General practice was a career option for her, having spent time working in the specialty during her medical training. She describes herself as 'a huge primary care fan' but that she doesn’t feel she's 'constructed the right way' to be a GP: “GPs have to be generalists and be able to spot the anomaly in the hundreds of patients who come through their door. Their role is unique. There are very few people who can hold the balance between the generalist and specialist bit. I admire that.”

It's not just the access GPs have to patients and the trust patients have in them that Dame Jenny says makes general practice so important to public health. She cites the potential of GP practices for data collection and research, giving a special mention to the RCGP's Research and Surveillance Centre, run in conjunction with Oxford University. “It's really important and we're really grateful to practices that are signed up. It's been going for 50 years now, which is a sign of how important it is, and there are huge opportunities going forward. It's gone well beyond monitoring respiratory disease and flu rates, which was predominantly the case before. “There's a health inequalities angle too. Having GP practices signed up in areas of deprivation is really important for our understanding and to be able to plan public health interventions. The more practices signed up, the more community and geographical reach, and the more representative we can be.”

She describes the efforts of GPs and their teams during the pandemic as 'heroic'. “They set up vaccination centres overnight, they completely moved forward in a week or two from the way they see patients,” she says. And whilst she recognises new ways of working in general practice have been controversial, she describes them as a lifeline for many patients who were clinically extremely vulnerable or found it difficult to travel.
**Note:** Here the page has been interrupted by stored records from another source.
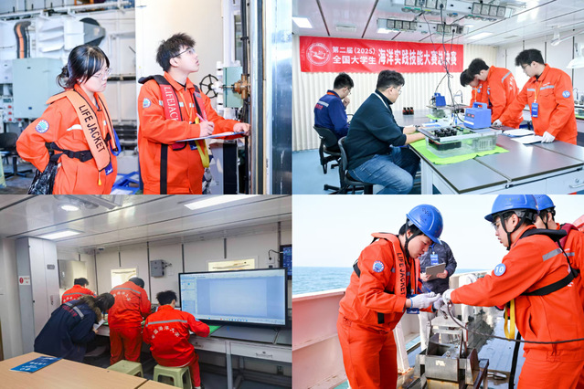 大赛以“锤炼实践技能,传承海洋精神,培育海洋人才”为理念,决赛在我国自主研制的“东方红3”科考船上进行,设置物理海洋学、海洋化学、海洋生物学与海洋地质学四大方向,涵盖多项内、外业实操项目,共计9个项目的考核。在为期一天的赛程中,“深澜”团队完成了海水采样与pH测定、CTD施放、浮游生物拖网鉴定及底质取样分析等任务,展现了扎实的专业技能、理论素养与团队协作能力。
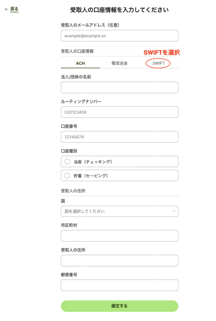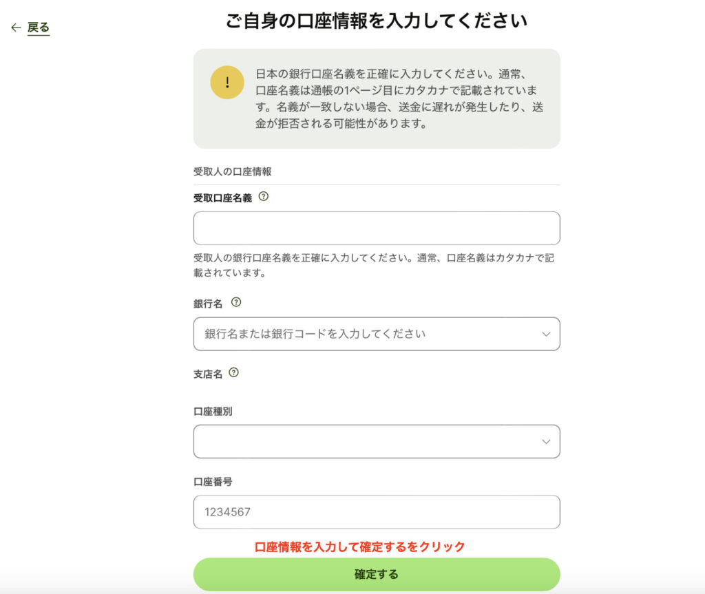 口座情報を入力して「確定する」をクリックします。
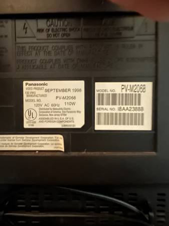 1998 Panasonic 19" PV-M2068 CRT TV and VHS player - $100 (Noho)

On the scrutiny faced by those on the frontline of healthcare, she adds: “None of it should move towards abuse, that's inappropriate and it just means none of us can do our jobs, including GPs. “Many people don't understand quite how hard people have been working, because they don't understand the complexity of the roles they're carrying out,” she explains. “We're all on a little bit of a journey, we need to learn from the pandemic and keep good bits and drop bits that didn't work so well.”

As to her approach to leading an organisation that by its very nature is relentless: does she see any downtime on the horizon? “I don't think it's my job to relax,” she said, “that would definitely be the wrong thing to do.”